Agenesis of corpus callosum (ACC) is mostly a congenital anomaly that occurs predominantly in males, either isolated or in combination with other CNS or systemic malformations. Corpus callosum develops from the lamina reuniens in the telencephalon and begins to appear at around 10.5 weeks, till it reaches adult form by 17 weeks. The occurrence of ACC is usually sporadic. Disturbance of embryogenesis in the first trimester of pregnancy by an unknown insult is sometimes put forward as a probable antenatal cause. Once thought to be a rare condition, ACC has been turning up with increasing frequency ever since the widespread clinical use of MRI. ACC can occur in other congenital anomalies, including Arnold-Chiari malformation, Dandy-Walker syndrome, schizencephaly (clefts in brain tissue) and holoprosencephaly (failure of the forebrain to divide into lobes), Aicardi's syndrome, fetal alcohol syndrome and several trisomies.[1] ACC can also be associated with malformations in other parts of the body, such as midline facial defects, or can occur as one of the developmental abnormalities in schizophrenia. The effects of the disorder range from subtle to severe, depending on associated brain abnormalities. Intelligence may be normal with mild compromise of skills requiring matching of visual patterns. But children with the most severe brain malformations may have intellectual disability, seizures, hydrocephalus and spasticity.[23]

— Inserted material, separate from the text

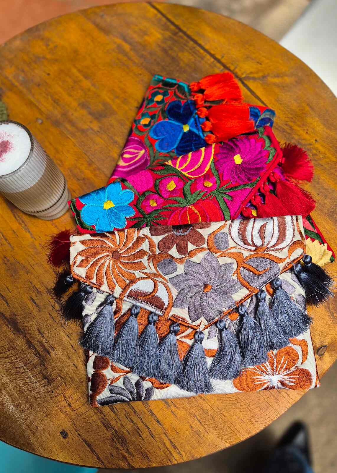 Piękna, haftowana torebka - kopertówka wykonana w Meksyku. Z pewnością a będzie idealnym dodatkiem do wieczorowych, letnich stylizacji. Zapinana jest w środku na zamek błyskawiczny, posiada także dodatkowy pasek, który pozwala nosić ją na ramieniu.

Previous literatures have mentioned about various neuropsychiatric presentations of this congenital anomaly. Depressive spectrum disorders have been mentioned in various literatures to be present with this anomaly, but recurrent brief depression has not been mentioned in any of them.[34] This congenital anomaly has also been found in bipolar disorder,[5] schizophrenia[6] and can interfere with psychomotor development.[7] In addition, individuals with ACC are reported to have more sensory deficits and abnormalities, as well as altered patterns of feeding/eating, elimination and sleep.[8]

CASE REPORT

A 25-year-old man residing in a suburban region was brought to the Psychiatry OPD at the tertiary care hospital with biparietal dull-aching headache lasting for about an hour, occurring 3 to 4 times per month for the past 2 years. The headache, to start with, was spontaneous in onset, without nausea or vomiting, diurnal variation, fever, photophobia, phonophobia, and subsided with analgesics tablet ibuprofen 400 mg only. He had been prescribed tab Flunarizine 10 mg OD and Amitriptyline 25 mg OD for the last 1 year. On careful history-taking from the informant (father) and the patient himself, it was known that the patient had suffered from episodes of depressed mood and irritability every month lasting for 3 to 7 days on an average, diminished interest in pleasurable activities, hypersomnia, psychomotor retardation, fatigue and loss of energy for the past 1 year with recurrent thoughts of death but without any history of suicidal attempt so far. There was no positive family history of any major medical or psychiatric illnesses in the family up to three generations. He had been advised to have a CT scan followed by an MRI of brain for the persistent headache, 1 month back. Also there was a history of palpitation, breathlessness, clenching of teeth followed by unresponsiveness, each episode lasting for 30 minutes to 1 hour, four times in the past 2 weeks. There had been no tongue bite, incontinence, loss of consciousness during the episodes, and the patient was occasionally verbalizing during these periods. He had been brought to the emergency room 1 week back by his family members and neighbors in a state of unresponsiveness. The reported symptoms had lasted for 2 hours, along with jerky movements of all four limbs and clenching of teeth but without any injury, incontinence or fall. According to his parents, his problems started suddenly after he came to know his MRI brain findings. He was able to adjust his body parts when placed in awkward position during these periods of unresponsiveness. After gaining consciousness, he refused to talk or answer but tried to use gestures and sign languages to answer questions asked to him. His vocalization was normal as tested by cough reflex. He had a fall when he was asked to walk a few steps, but the fall was guarded without any injury.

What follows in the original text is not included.